#### [RECORDED DATA]
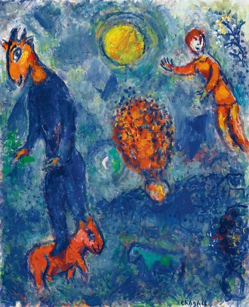Editor: We're looking at Raoul Dufy's "Still Life with Bananas" from 1909, rendered in oil paint. There’s a slightly chaotic energy to it, almost aggressive, with its clashing blues and yellows. How do you interpret this work? Curator: That chaotic energy, I think, stems from a deliberate challenging of bourgeois expectations. The Fauvist movement, to which Dufy belonged, intentionally embraced disharmony, reflecting a broader socio-political unrest. This isn't just about painting bananas; it's about disrupting established norms, questioning artistic conventions linked to class structures. Editor: So, the bold colors aren’t just aesthetic choices? They're a form of rebellion? Curator: Precisely! Think about who traditionally commissioned still lifes. These were often wealthy patrons. By using jarring colors and distorted forms, Dufy and other Fauvists are almost mocking that tradition, injecting it with a sense of the absurd and confrontational. What does this subversion communicate to you? Editor: I see what you mean. It makes me think about the shift in power dynamics happening at the time, the rising voices of the working class challenging the status quo, being mirrored in art. Curator: Exactly. It’s about giving visibility to these undercurrents and making the implicit power dynamics of art itself explicit. What about the positioning of the objects? Does that tell us something about this struggle? Editor: The bananas seem almost thrown together, not carefully arranged. It feels less about idealized beauty and more about raw, immediate experience. It resists idealizing the lifestyle or aesthetics associated with the upper classes, then? Curator: Absolutely. By refusing to create a passively pleasing composition, Dufy prompts us to actively engage with the social and political tensions simmering beneath the surface of seemingly simple fruit. Editor: That's fascinating. I initially saw just an odd still life, but now I see a whole conversation about power and perspective. Curator: It is an active protest framed by art, using color as a primary tool for social agitation.
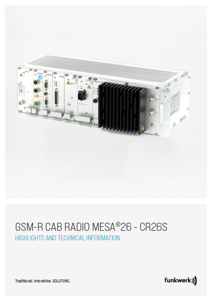 La Cabradio CR26S incluye el módulo de radio digital MT5E, la unidad de control CON26S y la fuente de alimentación. El aparato puede combinarse opcionalmente con la unidad transmisora y receptora analógica RMA26S y los módulos de interfaz (UIC26S, SDIO26S, SPIO26S). El montaje CON26S constituye la unidad central de control. Controla la conexión de radio, regula las prioridades de llamada, controla la unidad de control, el módulo para la radio digital y analógica del tren, las aplicaciones de datos adicionales y los módulos de interfaz. El módulo de radio digital MT5E permite la transmisión de datos y voz y funciona de acuerdo con GSM 05.05 Fase 2+ en la siguiente gama de frecuencias GSM: Gama de frecuencias de transmisión: 873 a 915 MHz y gama de frecuencias de recepción: 918 a 960 MHz.
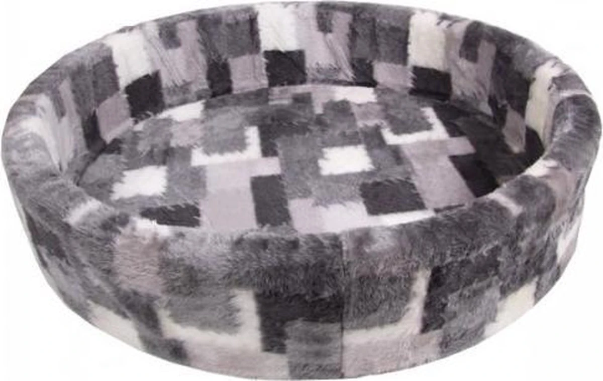 Uitgevoerd in imitatiebont/pluche stof met lapjesdeken/patchwork dessin in diverse grijstinten.

#### [WHAT THE EXERCISE ASKS]
Only the pictures are to be left out; restate everything else in the listing word for word.

#### [RESPONSE FOR THIS EXERCISE]
Editor: We're looking at Raoul Dufy's "Still Life with Bananas" from 1909, rendered in oil paint. There’s a slightly chaotic energy to it, almost aggressive, with its clashing blues and yellows. How do you interpret this work? Curator: That chaotic energy, I think, stems from a deliberate challenging of bourgeois expectations. The Fauvist movement, to which Dufy belonged, intentionally embraced disharmony, reflecting a broader socio-political unrest. This isn't just about painting bananas; it's about disrupting established norms, questioning artistic conventions linked to class structures. Editor: So, the bold colors aren’t just aesthetic choices? They're a form of rebellion? Curator: Precisely! Think about who traditionally commissioned still lifes. These were often wealthy patrons. By using jarring colors and distorted forms, Dufy and other Fauvists are almost mocking that tradition, injecting it with a sense of the absurd and confrontational. What does this subversion communicate to you? Editor: I see what you mean. It makes me think about the shift in power dynamics happening at the time, the rising voices of the working class challenging the status quo, being mirrored in art. Curator: Exactly. It’s about giving visibility to these undercurrents and making the implicit power dynamics of art itself explicit. What about the positioning of the objects? Does that tell us something about this struggle? Editor: The bananas seem almost thrown together, not carefully arranged. It feels less about idealized beauty and more about raw, immediate experience. It resists idealizing the lifestyle or aesthetics associated with the upper classes, then? Curator: Absolutely. By refusing to create a passively pleasing composition, Dufy prompts us to actively engage with the social and political tensions simmering beneath the surface of seemingly simple fruit. Editor: That's fascinating. I initially saw just an odd still life, but now I see a whole conversation about power and perspective. Curator: It is an active protest framed by art, using color as a primary tool for social agitation.
 La Cabradio CR26S incluye el módulo de radio digital MT5E, la unidad de control CON26S y la fuente de alimentación. El aparato puede combinarse opcionalmente con la unidad transmisora y receptora analógica RMA26S y los módulos de interfaz (UIC26S, SDIO26S, SPIO26S). El montaje CON26S constituye la unidad central de control. Controla la conexión de radio, regula las prioridades de llamada, controla la unidad de control, el módulo para la radio digital y analógica del tren, las aplicaciones de datos adicionales y los módulos de interfaz. El módulo de radio digital MT5E permite la transmisión de datos y voz y funciona de acuerdo con GSM 05.05 Fase 2+ en la siguiente gama de frecuencias GSM: Gama de frecuencias de transmisión: 873 a 915 MHz y gama de frecuencias de recepción: 918 a 960 MHz.
 Uitgevoerd in imitatiebont/pluche stof met lapjesdeken/patchwork dessin in diverse grijstinten.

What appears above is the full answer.